Thursday, April 27, 2006

Here's a story from Japan that has almost everything: Boxing, baldness, a wig, controversy, a second chance, and heartache.

Bald boxer loses wig but battles back to win fight, hearts, even hair

Featherweight boxer Masayuki Koguchi found himself in a pretty hairy situation during his last fight as his opponent pummeled him so viciously, it knocked his wig off.

Koguchi gave his hairpiece a hurl, and the toupee-less terror found national fame when he followed the reverse path of Biblical hero Samson and came back to win an 8-round bout in a TKO against 31-year-old pugilist, Daichi Shibata.

But now, four months later and with a re-match set against Shibata following complaints that the hairpiece adversely affected the result, 28-year-old follicly challenged fighter Koguchi has experienced a miracle that will ensure he'll never have to go through the embarrassment of having his wig knocked off ever again, according to Shukan Gendai (5/6-13).

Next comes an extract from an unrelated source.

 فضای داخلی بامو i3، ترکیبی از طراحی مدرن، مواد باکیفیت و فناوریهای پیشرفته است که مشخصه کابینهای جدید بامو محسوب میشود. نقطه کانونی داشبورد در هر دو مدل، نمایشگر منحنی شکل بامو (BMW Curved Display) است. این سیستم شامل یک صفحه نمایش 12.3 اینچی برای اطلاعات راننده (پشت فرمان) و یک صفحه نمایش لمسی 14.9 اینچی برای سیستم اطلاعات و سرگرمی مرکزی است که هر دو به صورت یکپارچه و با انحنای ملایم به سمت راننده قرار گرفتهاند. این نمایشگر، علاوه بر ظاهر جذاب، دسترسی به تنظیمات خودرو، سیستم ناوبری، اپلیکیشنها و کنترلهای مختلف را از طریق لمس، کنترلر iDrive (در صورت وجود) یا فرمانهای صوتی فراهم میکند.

The miracle, the men's weekly notes, is that Koguchi's hair has started growing back.

Rather than actually benefiting from any act of God, the Wig Boxer, as Koguchi has become known throughout Japan, has since March been acting as a monitor for a product called Momani, a herbal based hair restoration treatment. A spokesman for the company elaborates.

"He's only been a monitor for just under a month so the results aren't immediately obvious, but if you check his scalp under a microscope, you'll find that his hair has already started growing back," the spokesman tells Shukan Gendai. "When we first looked at his scalp, we found that the production of hair on Koguchi's head was very weak. Now, he's got two or three hairs that have taken root and grown up thick and strong. If we wait another month, you'll probably be able to tell with your own eyes that his hair is growing back."

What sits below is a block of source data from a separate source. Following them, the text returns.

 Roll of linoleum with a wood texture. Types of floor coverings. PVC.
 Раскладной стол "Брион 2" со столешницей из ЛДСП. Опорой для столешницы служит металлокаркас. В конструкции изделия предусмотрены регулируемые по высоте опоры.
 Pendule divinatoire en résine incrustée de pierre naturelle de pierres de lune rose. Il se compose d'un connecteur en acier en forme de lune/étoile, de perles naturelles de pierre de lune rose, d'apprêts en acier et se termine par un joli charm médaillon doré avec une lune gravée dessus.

The Wig Boxer himself acknowledges the effects of his follicle fixer.

"Well, I've only been using it for three weeks, this is my fourth week. But my blood circulation has improved and I can feel my hair has gotten better. It really feels like my hair is growing back," Koguchi tells Shukan Gendai.

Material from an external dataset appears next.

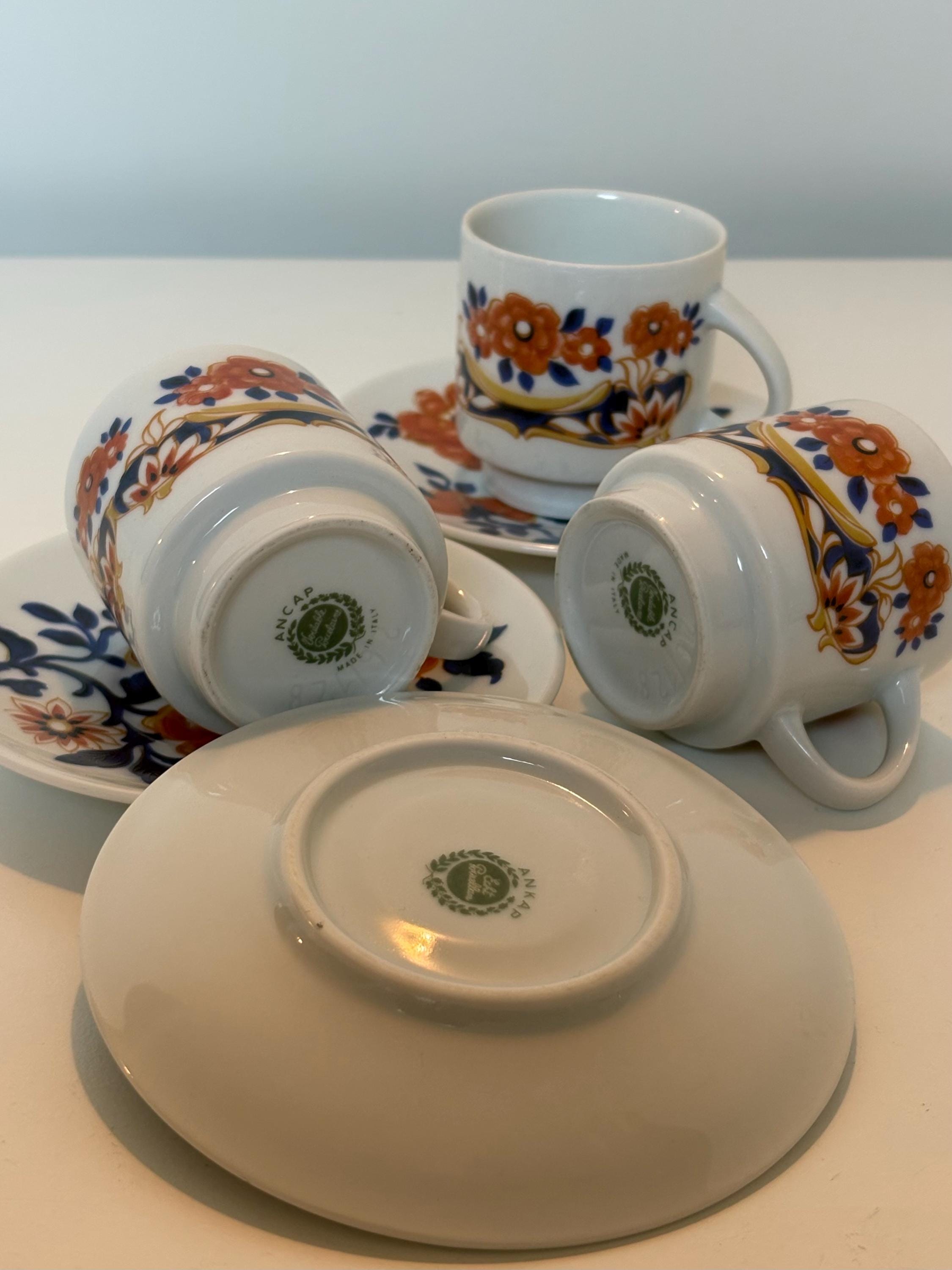 The cups are marked ANCAP made in Italy and in French "veritable porcelain", there is also the number 26/128 imprinted on the bottom.

Koguchi tells the men's weekly that he started going bald at 23, and began wearing a wig, even in the ring, because he felt his baldness made him less attractive among women. He's already got dreams about eventually being able to think about things like hairstyles.

"I want to keep on growing it," he says. "But, I am a boxer, so even when it grows back, I'll still cut it really short."

The Wig Boxer chose to wear a toupee because he thought the hirsute look would make him attractive to the opposite sex. Now that he's got some hair back, well, two or three hairs at least, has it changed the way women look at him?

"Nah. My hair hasn't grown back enough yet," the Wig Boxer tells Shukan Gendai. "Mind you, it's probably harder for me to get a girlfriend now that I'm famous than it has ever been before. Every woman who sees me now calls me 'The Wig Boxer,' whether they know me or not. Women basically regard me as being off the radar when it comes to love. It's tough."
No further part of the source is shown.